Does Your Law Firm Have a Compliance Program – and How Ethics Rules Discourage Them
Although many law firms advise corporate clients on compliance, few firms have compliance programs in place observe Compliance strategists Donna Boehme and Joseph Murphy in this terrific piece, Inconvenient Truths About Law Firm Compliance. That law firms are subject to ethics rules is no excuse, contend Boehme and Murphy. Legal ethics rules didn’t deter the well-publicized DLAPiper billing debacle, nor do they address risks common to most corporate enterprises such as discrimination, social media issues, privacy and cyber-security. Boehme and Murphy go on to list the reasons that law firms should consider developing a compliance program — including its potential to serve as a selling point for corporate clients.

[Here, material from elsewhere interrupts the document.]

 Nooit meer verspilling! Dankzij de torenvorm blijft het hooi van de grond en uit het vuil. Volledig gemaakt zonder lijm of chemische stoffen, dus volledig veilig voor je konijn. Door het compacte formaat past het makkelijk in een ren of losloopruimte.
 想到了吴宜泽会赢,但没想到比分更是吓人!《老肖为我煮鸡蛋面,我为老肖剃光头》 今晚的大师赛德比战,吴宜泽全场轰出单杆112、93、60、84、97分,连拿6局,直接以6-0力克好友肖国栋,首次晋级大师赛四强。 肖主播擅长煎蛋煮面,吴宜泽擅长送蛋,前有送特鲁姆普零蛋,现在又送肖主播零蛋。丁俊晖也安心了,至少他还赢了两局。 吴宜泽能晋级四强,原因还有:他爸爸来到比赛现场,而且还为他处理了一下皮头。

For solos and smalls, a compliance program seems like over-kill. But it does offer valuable benefits. Foremost, because a compliance program codifies a firm’s best practices and ethical and legal obligations and implements systems for compliance, a solo doesn’t have to explain the same procedures over and over again when he or she adds staff or outsources projects. Second, compliance programs and codes of conducts can empower employees by providing them tools to make decisions. In particular, ethics compliance decision trees can help new associates recognize, identify and learn to deal with ethics issues. Cisco designed a cool decision tree for its employees, and the same design could be replicated for a small firm.

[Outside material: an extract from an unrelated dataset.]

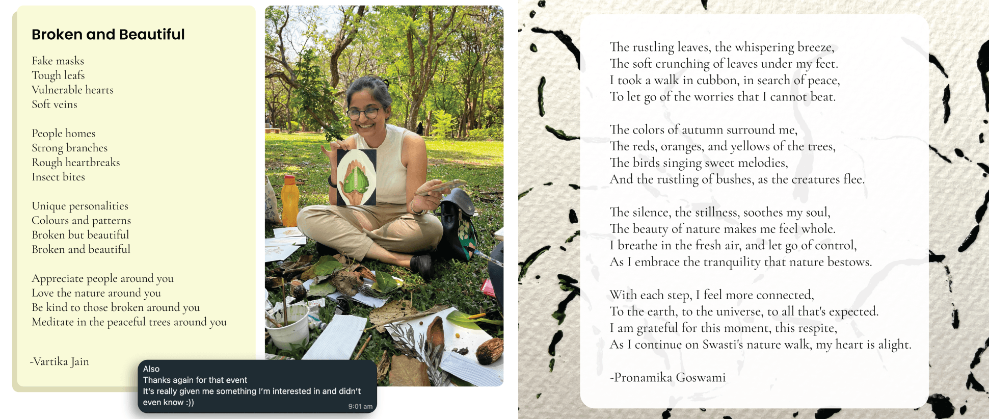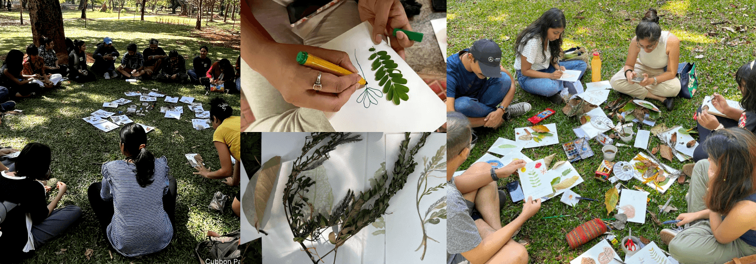 I conducted nature walks at Cubbon Park and Yelahanka, Bangalore. Nature Walks can be an effective way to connect with nature and reignite curiosity. These sessions involved closely observing the surroundings, asking questions, and having friendly conversations. The walks were followed by a painting session to reflect on the walk and artistically record our takeaways.

While compliance programs have benefits, that’s often not enough to convince busy solos to devote scarce resources to creating one. And while bar associations could and should develop tools – like this stylish Cisco flowchart – for their members to “plug and play,” truth is, it doesn’t make sense for them to spend resources on them when the presence of a compliance program won’t necessarily serve as a mitigating factor in an ethics case. Of course, sometimes, a system – like instructions to an administrator about the importance of returning phone calls to the disciplinary committee can help avoid ethics problems like this one.
But a compliance program won’t help after the fact — so even if a firm does have procedures in place for making trust account deposits or researching and documenting ethics rules before engaging in a marketing campaign, these don’t count as mitigating factors in determining discipline. See, e.g., Standard 9, ABA Ethics Code (listing mitigating disciplinary factors including absence of motive, cooperation with tribunal, good faith effort to rectify consequences, etc…) By contrast, most compliance programs (such as the one I’m most familiar with) credit companies for effective preventive measures to ensure compliance.
Does your firm have a compliance program or systems in place? Let me know if you’d like to share.